- [Aim of the task]:
Return every record below exactly as given, images excluded.
Top of Extracted material
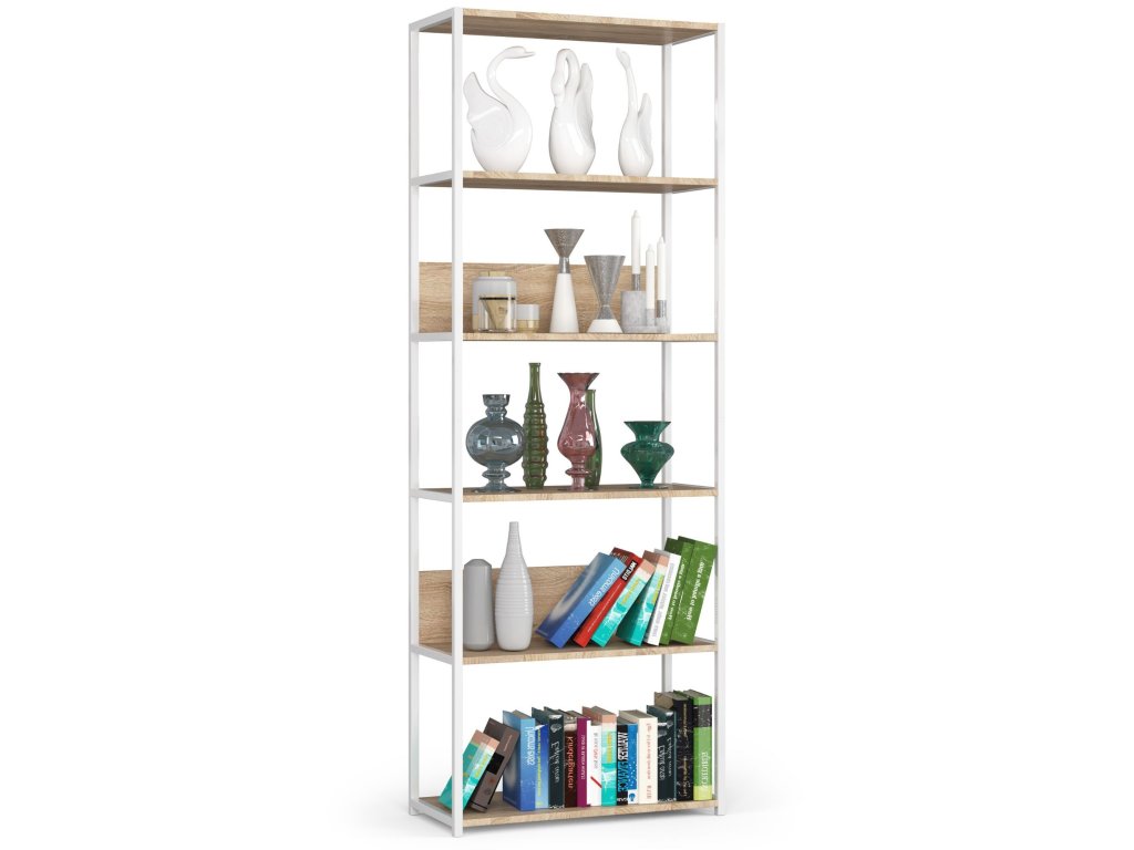- Barva: Svěží bílá v kontrastu s teplým dubem Sonoma dodává regálu luxusní vzhled.
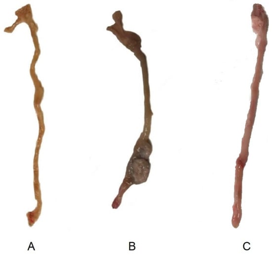Macroscopic images of ex-vivo colons on day 15 post-TNBS induction in (A) control group (healthy animals) (13), (B) non-treated inflammatory bowel disease (IBD) rats, and (13) (C) IBD rats treated with tacrolimus.
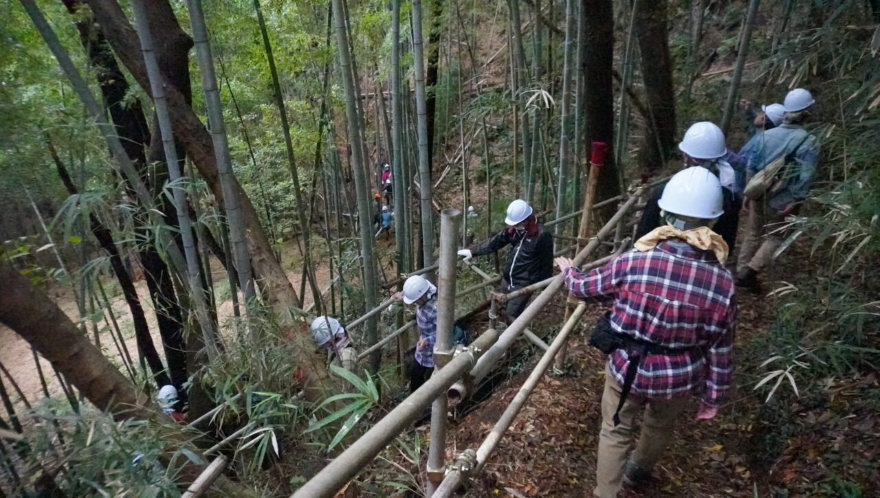 この日の研修では、地元で里山の管理を行う株式会社nuucotoと、環境教育に取り組む認定NPO法人JUON NETWORKの協力のもと、竹の間伐体験が実施されました。参加者は急斜面で竹を伐採しながら、「自然を守る作業の大変さを実感した」「地域の力があってこそ里山が維持されている」と語りました。
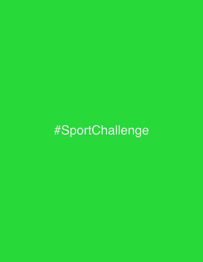 The image displays a solid lime green background. Centered horizontally and vertically within the frame is the white text "#SportChallenge". There are no discernible people, subjects, objects beyond the text, actions, interactions, or environmental features depicted. The image does not provide any visual information to determine a specific location in the city of Sofia, Bulgaria, or any other physical setting.
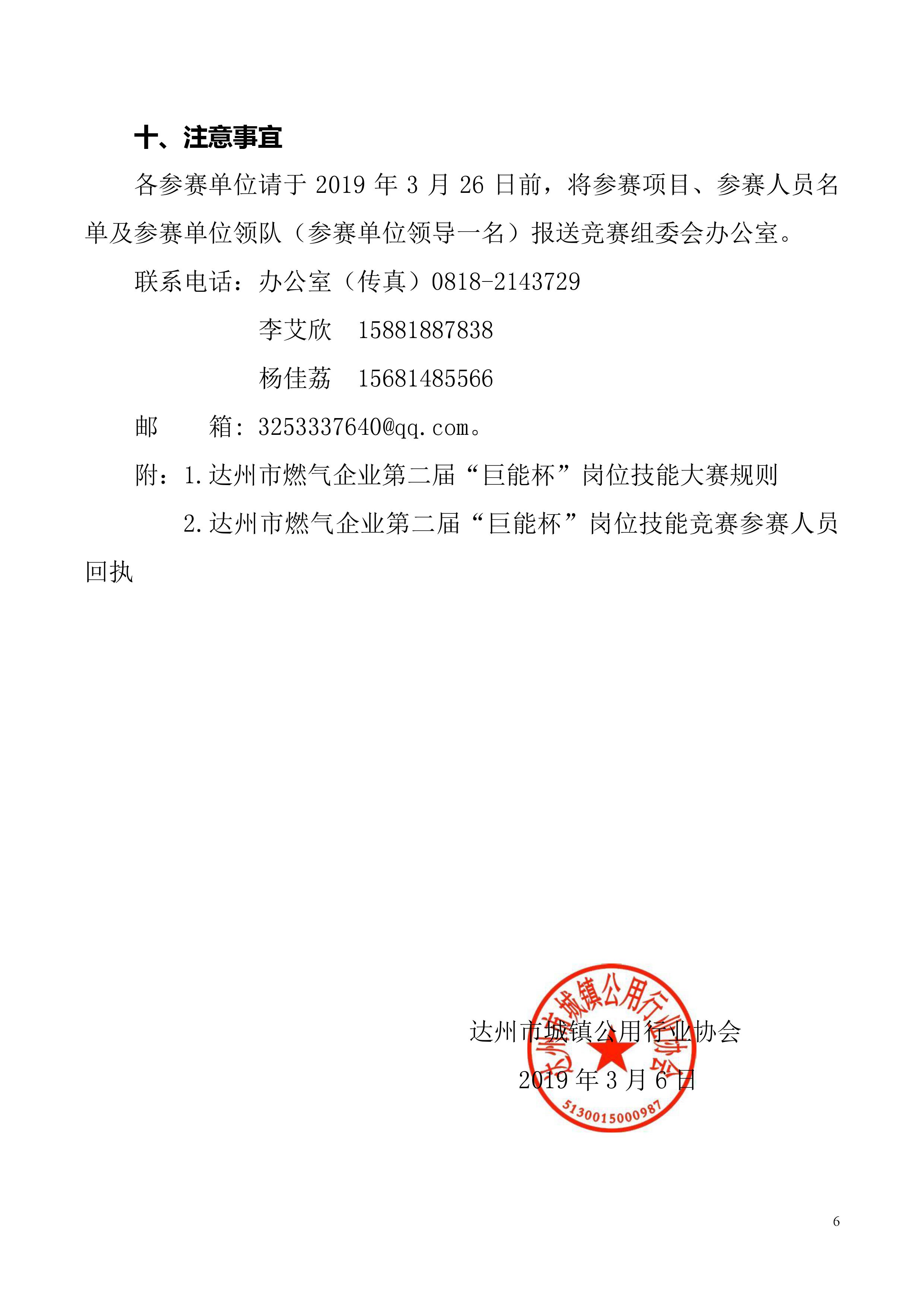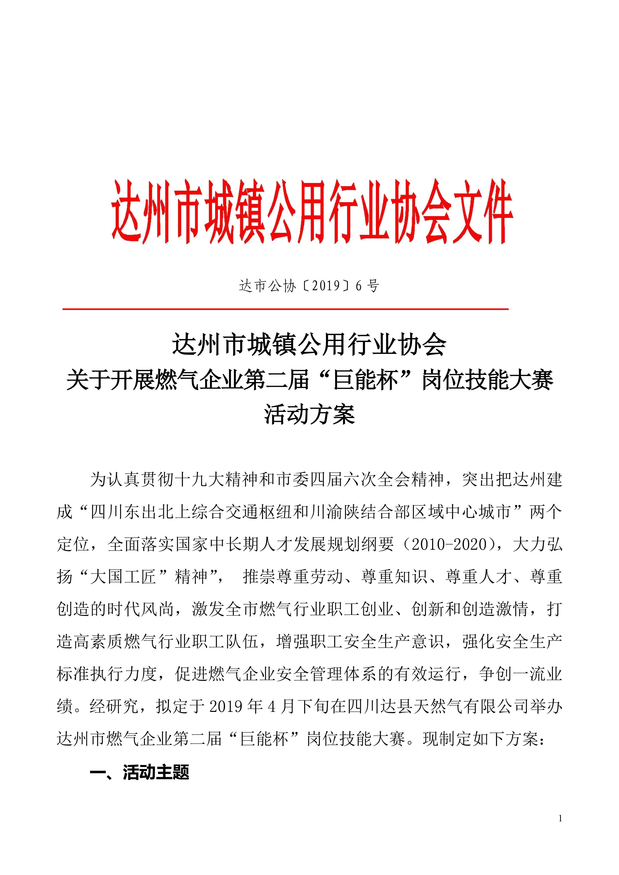達市公協(xié)關(guān)于開展燃氣企業(yè)第二屆“巨能杯”崗位技能大賽
Bottom of Extracted material
- [Problem solution]:
- Barva: Svěží bílá v kontrastu s teplým dubem Sonoma dodává regálu luxusní vzhled.
Macroscopic images of ex-vivo colons on day 15 post-TNBS induction in (A) control group (healthy animals) (13), (B) non-treated inflammatory bowel disease (IBD) rats, and (13) (C) IBD rats treated with tacrolimus.
 この日の研修では、地元で里山の管理を行う株式会社nuucotoと、環境教育に取り組む認定NPO法人JUON NETWORKの協力のもと、竹の間伐体験が実施されました。参加者は急斜面で竹を伐採しながら、「自然を守る作業の大変さを実感した」「地域の力があってこそ里山が維持されている」と語りました。
 The image displays a solid lime green background. Centered horizontally and vertically within the frame is the white text "#SportChallenge". There are no discernible people, subjects, objects beyond the text, actions, interactions, or environmental features depicted. The image does not provide any visual information to determine a specific location in the city of Sofia, Bulgaria, or any other physical setting.
達市公協(xié)關(guān)于開展燃氣企業(yè)第二屆“巨能杯”崗位技能大賽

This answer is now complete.